メッセージ | Message

ボルドー大学機能ゲノム科学研究センター サイエンティフィック・ディレクター ドミニク・ロラン | DOMINIQUE ROLIN

メッセージ

 こんにちは。お会いできてうれしく思います。私はドミニク・ローリンです。ボルドー大学の植物生物学・生理学の教授で、ボルドー機能ゲノムミクス研究所の所長を務めています。ボルドー大学を代表して、革新的な大学院学位プログラムの先駆者となる、筑波大学にお祝いを申し上げます。

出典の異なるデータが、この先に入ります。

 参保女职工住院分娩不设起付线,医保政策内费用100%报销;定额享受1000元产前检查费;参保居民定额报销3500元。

 ボルドー大学は、フランス国立農学研究所(INRA)と同様、筑波大学とは10年にわたる長い協力関係にあります。この関係は研究活動を通じて2005年に始まりました。最初は2人の科学者が同じトマトの遺伝資源(マイクロトムトマトのtillingコレクション)を共有したいと考え、これが第一歩となり、INRAと筑波大学の間で共同研究が始まりました。2年後、筑波大学とボルドー大学は、学部学生を対象とした短期の交流プログラム(10日間)と大学院生向けの2-6ヵ月の研究トレーニング体験講座を開始しました。

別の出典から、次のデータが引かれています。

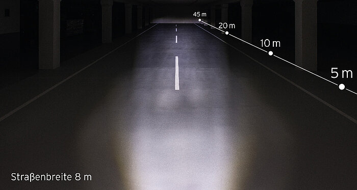 Die IQ-Lichttechnik aus dem Lichtlabor des Meinerzhagener Traditionsunternehmens bietet eine gute und gleichmäßige Fahrbahnausleuchtung von 50 Lux, mit einer hervorragenden Ausleuchtung des Bereichs schon direkt vor dem Fahrrad.

 大学院生のための革新的な学位取得プログラムは、日仏双方の学生にとって将来の道を開く、すばらしいプログラムです。
 この新しい教育システムは、これからの人生やキャリア、今後の社会的地位において成功するために必要な、21世紀の重要な知識とスキルをすべての学生に十分身につけさせることができる仕組みとなっています。
 このプログラムは、3つの一流大学を結びつけることにより、学生たちに高度で的確な職業技術を身に付けさせ、それを育成、増進させることに専心した大志のあるプログラムです。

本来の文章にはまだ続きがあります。